Bulworth's minders, headed by Murphy (Oliver Platt), can't figure out what is going on. Moments of bizarre confusion, lucid thought, suspense and lust follow each other at a fast pace.

Wandering through Bulworth, like a Shakespearian narrator, is a homeless man (writer and activist Amiri Baraka), who tells Bulworth not to be a ghost, but to be a spirit, to be alive. This appears to be the underlying aim of the film for Warren Beatty, who co-wrote (with Jeremy Pikser), directed and co-produced it, as well as performing in the title role. (Beatty also did this with Reds, about the US communists and radical journalists John Reed and Louise Bryant.)

Bulworth expresses Beatty's radicalism, which he presents as carried forward from the 1960s. Capitalism — the rule of money, the corporations and the state — are sharply criticised as the obscenity and crime in our lives. Beatty raises socialism as a bogy for capitalism, and he certainly does not mean contemporary social democracy, since he directly connects it to "socialisation" of the insurance industry.
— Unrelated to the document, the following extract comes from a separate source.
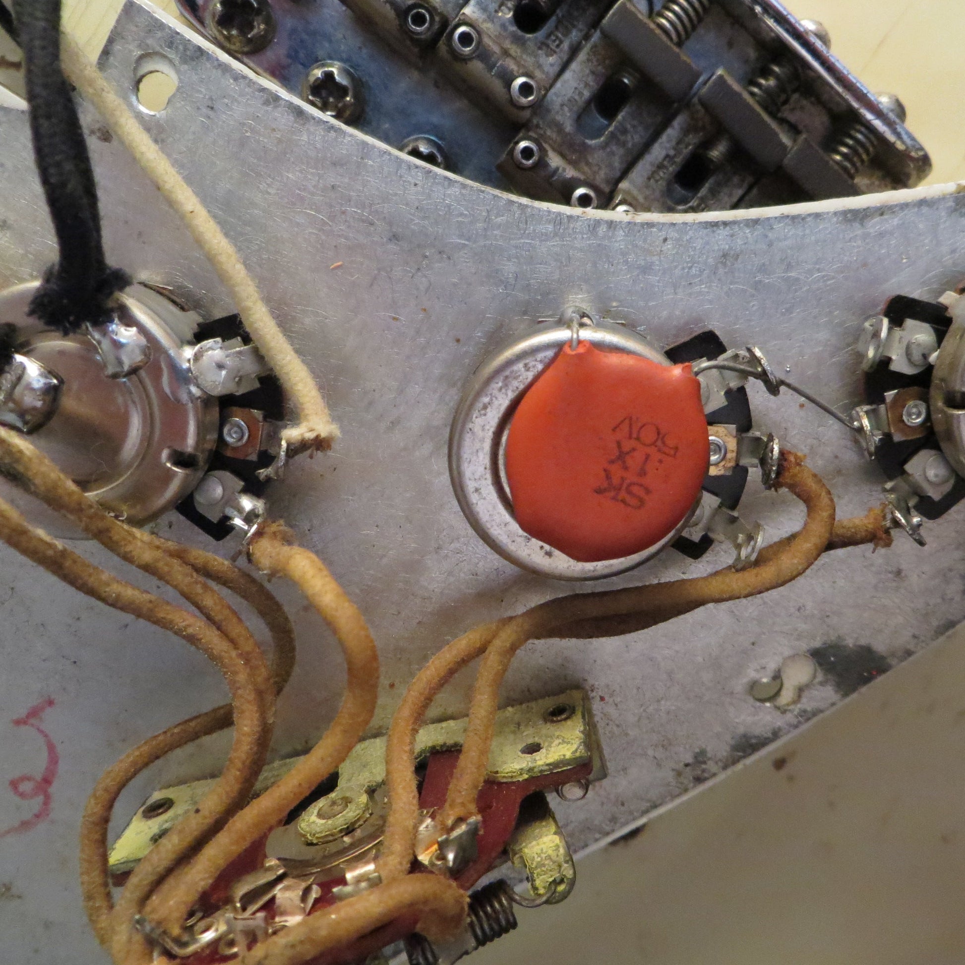 Electronics are original except for the potentiometers, which have been replaced with modern CTS units; 2 of the original Stackpole pots (304-6324) are included. The three original black-bobbin, staggered-pole single-coil pickups have never been rewound. Measuring 6.05k (neck), 6.03k (middle), and 5.92k Ω (bridge), they deliver the chime, snap, and harmonic richness that define early-’60s Strat tone. Although the bridge position cavity shows a shallow aftermarket rout, this modification was made at no expense to the guitar's set-up, playability, or sound. Additionally, a modern 5-way selector is installed for tonal versatility, though the original 3-way CRL 1452 switch accompanies the guitar.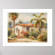 Spanish colonial style home with palms and agave, bougainvillea in painterly watercolor style. This illustration was made with a combination of ai and photoshop.

Anti-racism is a vital theme of Bulworth. Since this is a comedy, a fighting program can't be readily presented. But the poverty and police harassment of the black population are portrayed, and their effects on the development of black political leadership are clearly outlined in Nina (Halle Berry), who develops an ambiguous, but increasingly romantic, relationship with Bulworth.

The struggle against racism is a central part of the movement for fundamental social change in the US. However, Bulworth's anti-racism can't cover totally some of its political blind-spots.

The women — Nina and her rapper friends Cheryl (Michele Morgan) and Tanya (Ariyan Johnson) — are the politically active thinkers outside of the political specialists. But women's oppression is not part of Bulworth's critique, nor is workers' exploitation. And the idea that the mass of people might organise to act on their own behalf only appears towards the end of the movie.